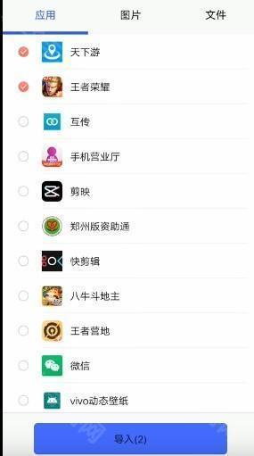 3、选择“天下游”和“王者荣耀”,点击“导入”。
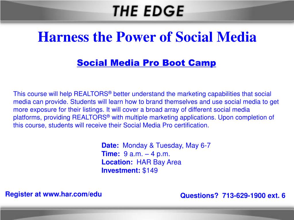 Harness the Power of Social Media • Social Media Pro Boot Camp • This course will help REALTORS® better understand the marketing capabilities that social media can provide. Students will learn how to brand themselves and use social media to get more exposure for their listings. It will cover a broad array of different social media platforms, providing REALTORS® with multiple marketing applications. Upon completion of this course, students will receive their Social Media Pro certification. • Date: Monday & Tuesday, May 6-7 • Time: 9 a.m. – 4 p.m. • Location: HAR Bay Area • Investment: $149 Questions? 713-629-1900 ext. 6 Register at www.har.com/edu
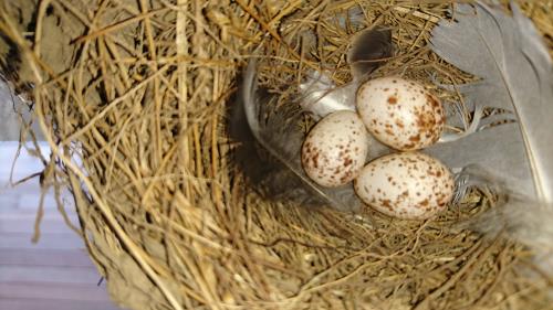 親ツバメが餌をヒナにあげている姿を観察したり、「今のお父さんツバメだ!!」と尾の長さを見て気付いたり、「とべるようになるかな?」と、気にかけるこども達の姿はまるで親鳥のようです。これからの成長が楽しみです。  |  | ツバメの卵です。約15日でヒナにかえりました。 | 無事に3羽のヒナが産まれました!! |
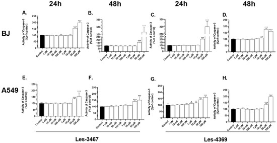 Caspase-3 activity at increasing concentrations of Les-3467 (A,B,E,F) and Les-4369 (C,D,G,H) (1 nM–100 μM) in the A549 cancer cell line and the BJ normal cell line after 24 h (A,E,C,G) and 48 h (B,F,D,H). The statistical significance of each data point was analyzed by Tukey’s test using one-way ANOVA for each study group; * p < 0.05, ** p < 0.01, and *** p < 0.001, compared with control cells.
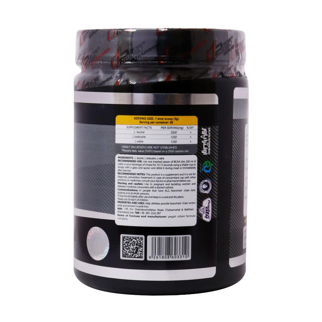 پودر بی سی ای ای اولترا پاور پگاه مکملی قدرتمند برای جلوگیری از تخریب عضلات و افزایش کیفیت عضله سازی است. این محصول سه اسید آمینه والین، لوسین و ایزولوسین دارد که برای عضله سازی بسیار حیاتی هستند.
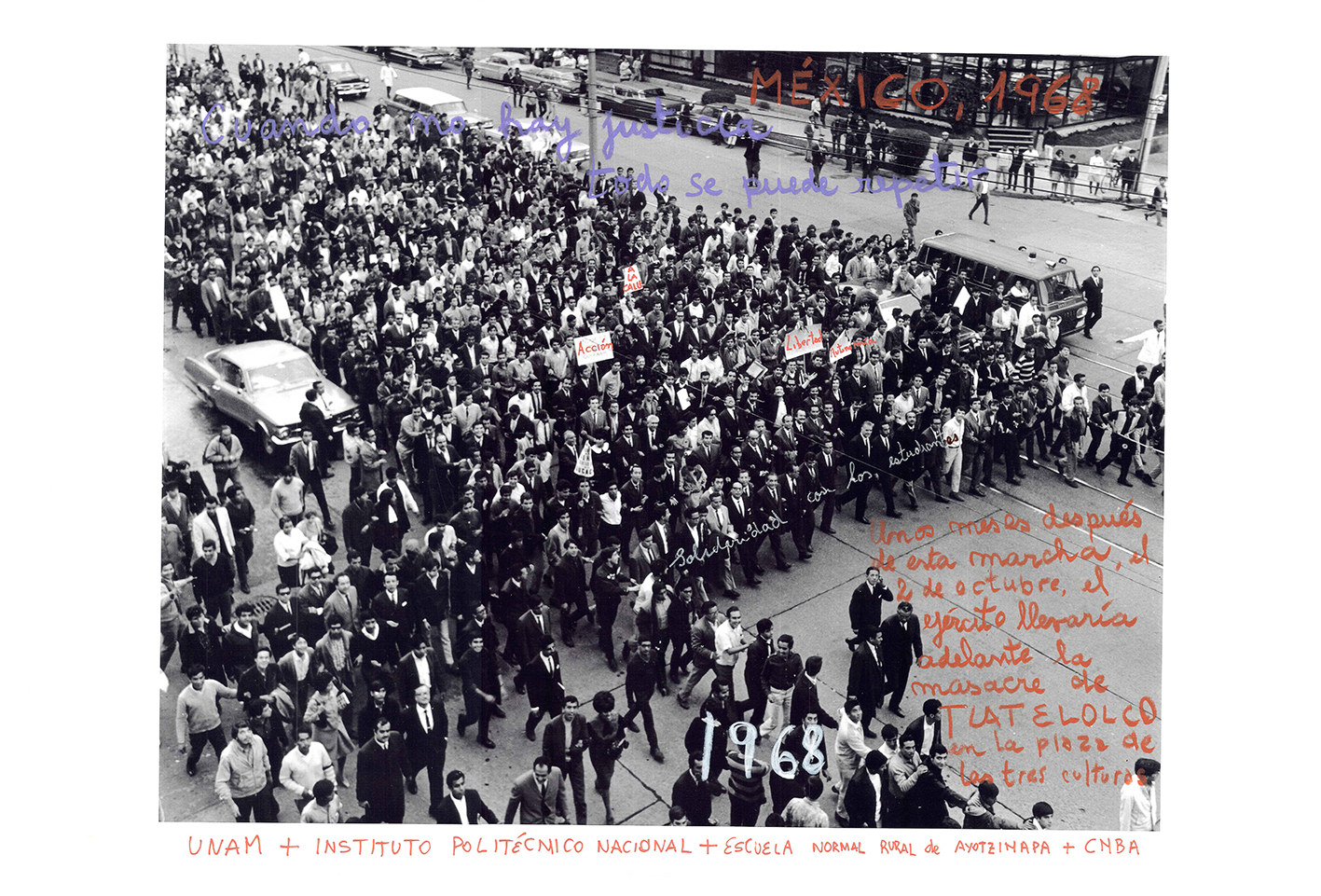 Marcelo Brodsky, artista y activista de los derechos humanos, trabaja a partir de imágenes y documentos de eventos específicos para investigar problemáticas sociales, políticas e históricas mas amplias. A través de su obra busca concientizar a los espectadores sobre momentos históricos, algunos de los cuales lo forjaron, a él a su familia así como a muchos de sus amigos. Más específicamente, y como muchos de los de su generación en Argentina, Brodsky fue perseguido durante la dictadura militar, que durante siete años de reinado del terror, fue responsable de la tortura y muerte de entre 10.000 y 30.000 argentinos, incluyendo al hermano menor del artista, Fernando. Brodsky logra escapar de esa situación y vive en el exilio hasta que la dictadura finaliza en el año 1983. Aunque las experiencias personales instigan y dan forma a sus impulsos artísticos, concientizar y educar a las audiencias con la esperanza de prevenir a otros de tal terror es una de sus más fuertes motivaciones. Para hacer que los momentos elegidos y sus consecuencias sean accesibles al espectador, Brodsky aborda el medio fotográfico desde múltiples entradas. Constantemente su obra da cuenta de un profundo entendimiento del potencial poder de las fotografías, tanto algunas de ellas al momento de su creación como registros de noticas, como otras provenientes de subsecuentes publicaciones y memorias. Por décadas, Brodsky fue dueño y director de una importante agencia de fotografías en Latinoamérica. Su éxito radicó parte en su conciencia sobre qué fotografías atraerían a un mayor público internacional, y parte porque comprendió cómo utilizar secuencias de imágenes en que la percepción de una simple imagen podía cambiar al ser emparentada o secuenciada junto a otras. También entendió cómo orquestar a los textos con las imágenes de manera de dirigir la percepción de los espectadores incluso cuando las palabras parecieran ser aparentemente neutrales. Apasionado y determinado, Brodsky no tiene intenciones de ser neutral. (…) En “1968: el fuego de las ideas” Brodsky presenta las moviizaciones estudiantiles y relaciona eventos sucedidos en Argentina con la turbulencia social en todo el mundo a finales de los años sesenta. Los manifestantes estadounidenses que participaron de la Marcha de los Pobres en Washington liderada por Martin Luther King unos meses antes de su asesinato; los manifestantes en Londres en contra de la Guerra de Vietnam; en Bogotá, México, Córdoba, Río de Janeiro y San Pablo, trabajadores y estudiantes haciendo campaña juntos, en contra de los regímenes militares y otros tipos de estructuras de gobierno. Se los muestra con brazos estrechados, con banderas ondulantes y pancartas, ejerciendo una acción urbana masiva para reclamar por sus demandas. Las obras también incluyen extractos de discursos de Martin Luther King, el Che Guevara, Daniel Cohn Bendit, Herbert Marcuse y Agustín Tosco, cuyas ideas y acciones nutrieron a muchos de los manifestantes. En una pancarta de la manifestación del Mayo Francés de 1968 se muestra, el grito de “L’imagination au pouvoir” (la imaginación al poder). Más que un llamado a “decir la verdad al poder” que sonaba en otras manifestaciones de la época, los parisinos pedían por el fin de todos los límites, incluso en la imaginación. Brodsky es pragmático y directo. No pretende liberar la imaginación de toda restricción, sino potenciar su uso contra el poder corrupto y brutal. Tanto si nos invita a aprender, y a no olvidar jamás las atrocidades del pasado, a honrar a los líderes justos o, como en su más reciente campaña, a mantener la presión sobre las autoridades para resolver y enjuiciar a los responsables de los más recientes asesinatos en masa, aún impunes. Anne Tucker
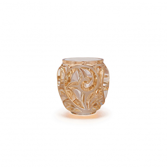 Small Tourbillons vase "Gold Luster" finish made of crystal. Featuring a bright and vibrant design, the Tourbillons vase features a motif inspired by the flowering of a fern, a plant that symbolizes life and movement. The quality of the crystal can be seen in its ability to reflect light, creating extremely romantic depth effects. Designed by René Lalique.
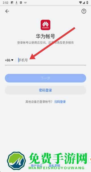 2、在登录账号页面中,点击输入框可以填写手机号,以便获取验证码进行登录。
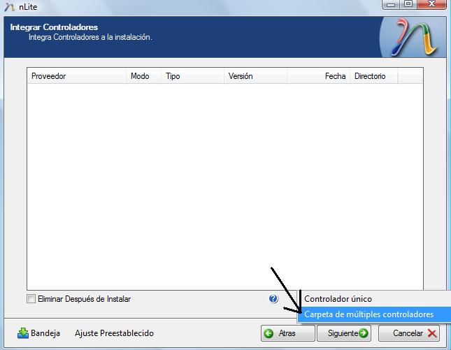 Una vez seleccionado nos aparecerá la siguiente pantalla en la que tendremos que hacer lo siguiente para integrar todos los driver:
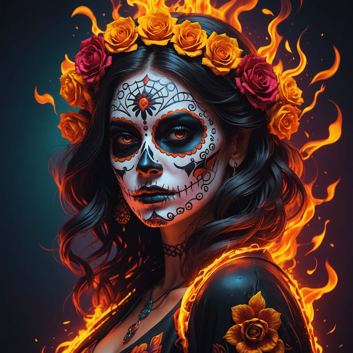 A vibrant image of a girl in Day of the Dead style. The portrait features hyperrealistic details and a colorful, dramatic aesthetic with a neon inferno theme.
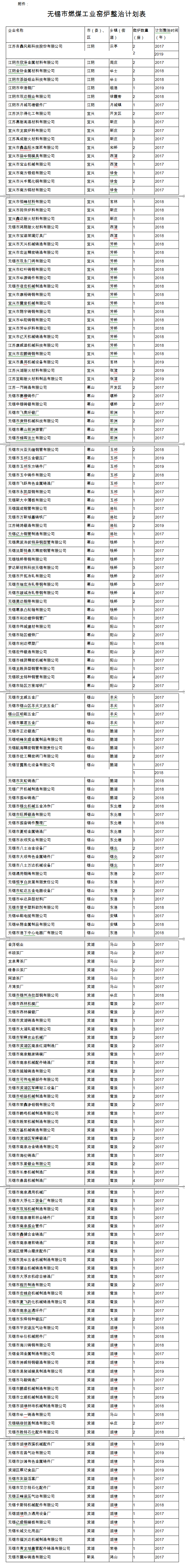 附件:無錫市燃煤工業(yè)窯爐整治計劃表
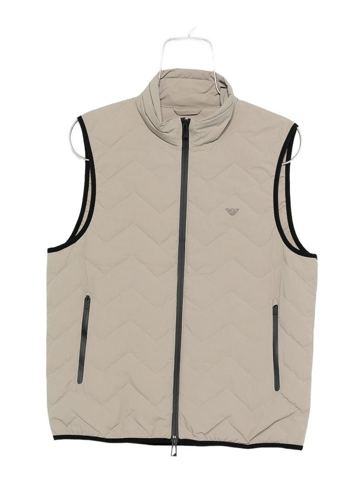 ジッパーとハイネックポケットが付いたダブグレーのナイロンジレ。
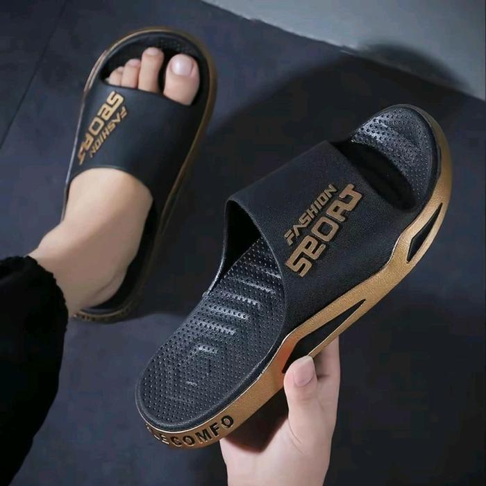 SANDAL SELOP COWOK SANDAL JELLY LAKI LAKI FASHION SRT SANDAL KARET PRIA TERBARU TRENDY SANDAL SLIDE KEKINIAN EMPUK LENTUR 33-44 SHOES OUTDOOR SLIPPERS SENDAL - HITAM, 39
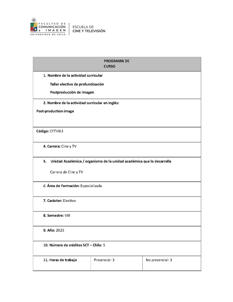 CYTVI63-1 Taller Electivo de Profundización: Post-producción de Imagen 2025, Segundo Semestre
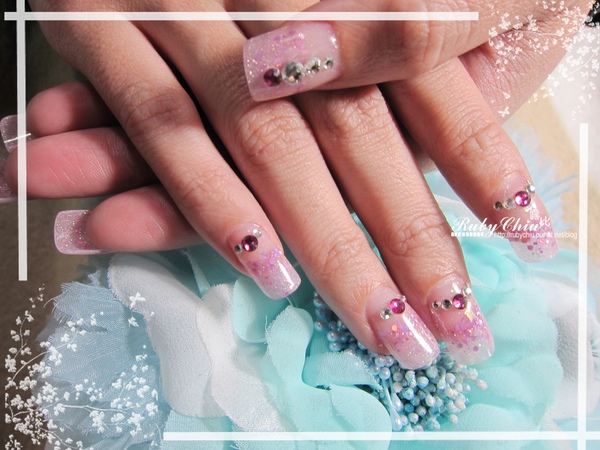 好一陣子沒客人來做水晶了!最近光療很夯哩!都是光療客人!
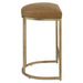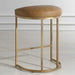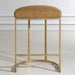 The clean lines of this 26" high counter stool are made of iron and finished in an antique brushed brass. A rich camel colored faux leather cushion complements the simple frame.
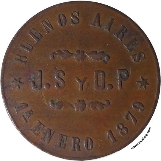 Anverso: SKATING RINK / ESMERALDA 149 / 5$ Reverso: BUENOS AIRES / 1R ENERO 1879 / J.S Y D.P Canto: Liso Referencia: | |
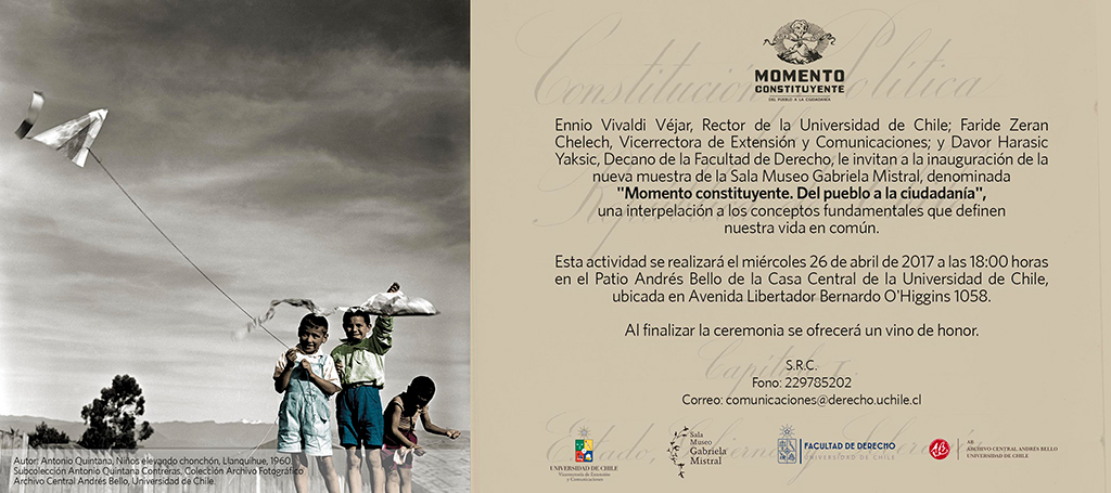 "Momento Constituyente. Del pueblo a ciudadanía" se titula la muestra que inaugurará la Casa de Bello este 26 de abril, una instalación que buscará plantear preguntas y debates en torno a los actuales procesos constitucionales a través del rescate de la historia chilena. El resultado de la exhibición responde al trabajo colaborativo entre el núcleo patrimonial de la U. de Chile, el Archivo Central Andrés Bello, y la Facultad de Derecho, junto a la colaboración del Archivo Nacional y el Senado de la República. La exhibición corresponde a la segunda instalación en la Sala Museo Gabriel Mistral, un proyecto institucional dependiente de la Vicerrectoría de Extensión y Comunicaciones que busca consolidar el carácter de apertura de la Casa Central de la Universidad a la ciudadanía.
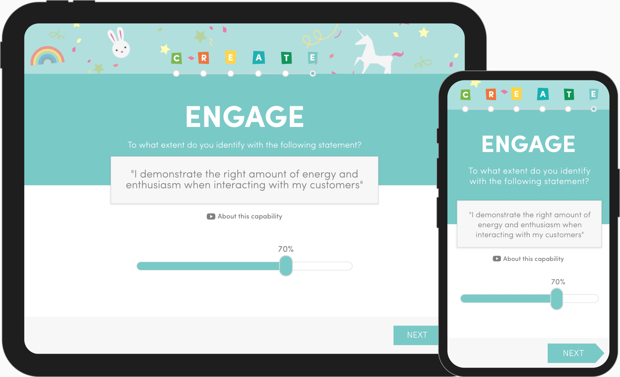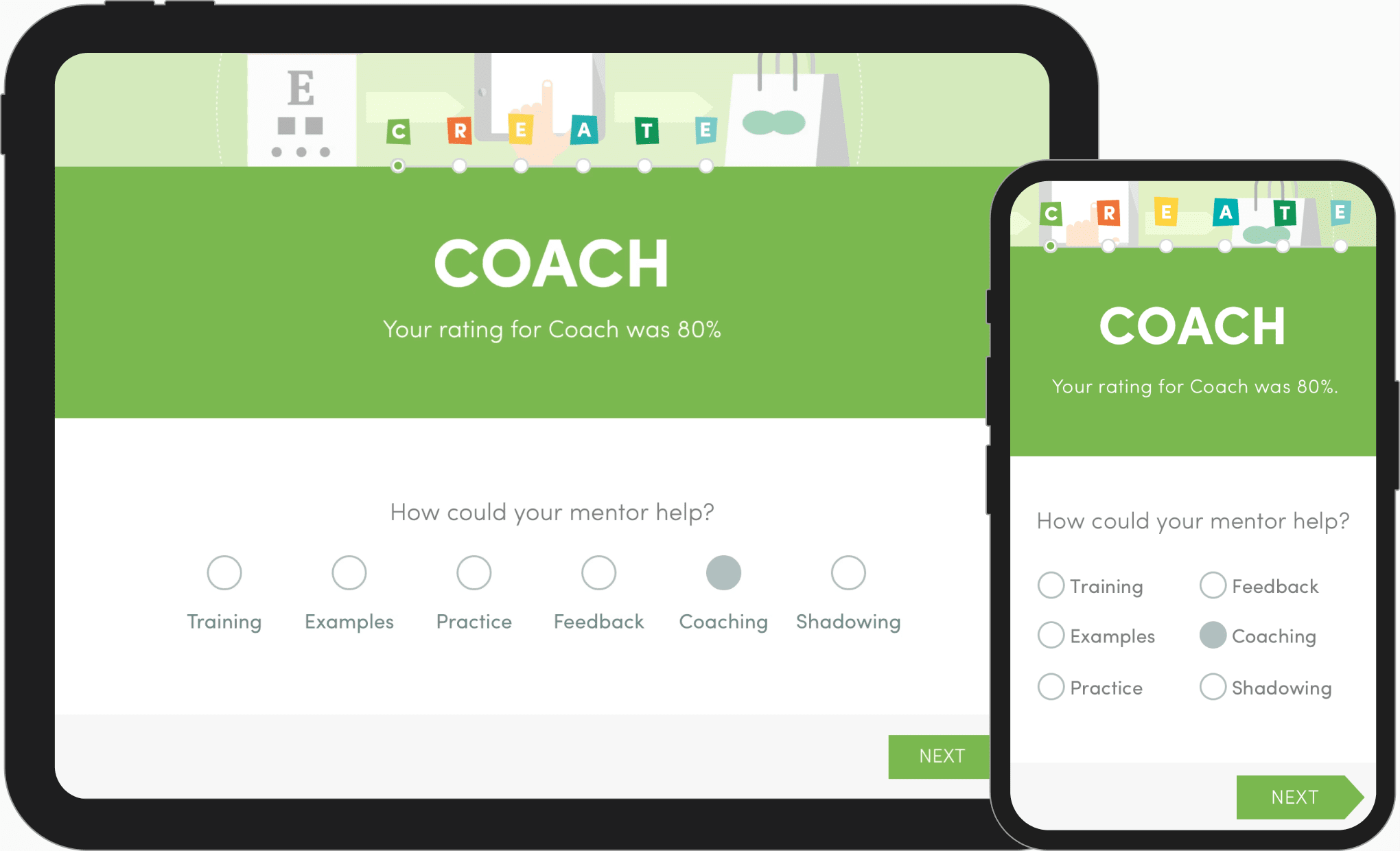Team member mode enabled a user to complete a self-assessment of their performance in the CREATE capabilities, and to specify which type of learning support they required from their store mentor to assist them in each area. A unique user code was generated that the team member could supply to their mentor.

§ **Work to be completed**
Within the listing above, find the line containing "ツバメの卵です。約15日でヒナにかえりました。 | 無事に3羽のヒナが産まれました!! |" and the line containing "پودر بی سی ای". Transcribe them and everything between them exactly, leaving out the pictures.

§ **Solution to this exercise**
 親ツバメが餌をヒナにあげている姿を観察したり、「今のお父さんツバメだ!!」と尾の長さを見て気付いたり、「とべるようになるかな?」と、気にかけるこども達の姿はまるで親鳥のようです。これからの成長が楽しみです。  |  | ツバメの卵です。約15日でヒナにかえりました。 | 無事に3羽のヒナが産まれました!! |
 Caspase-3 activity at increasing concentrations of Les-3467 (A,B,E,F) and Les-4369 (C,D,G,H) (1 nM–100 μM) in the A549 cancer cell line and the BJ normal cell line after 24 h (A,E,C,G) and 48 h (B,F,D,H). The statistical significance of each data point was analyzed by Tukey’s test using one-way ANOVA for each study group; * p < 0.05, ** p < 0.01, and *** p < 0.001, compared with control cells.
 پودر بی سی ای ای اولترا پاور پگاه مکملی قدرتمند برای جلوگیری از تخریب عضلات و افزایش کیفیت عضله سازی است. این محصول سه اسید آمینه والین، لوسین و ایزولوسین دارد که برای عضله سازی بسیار حیاتی هستند.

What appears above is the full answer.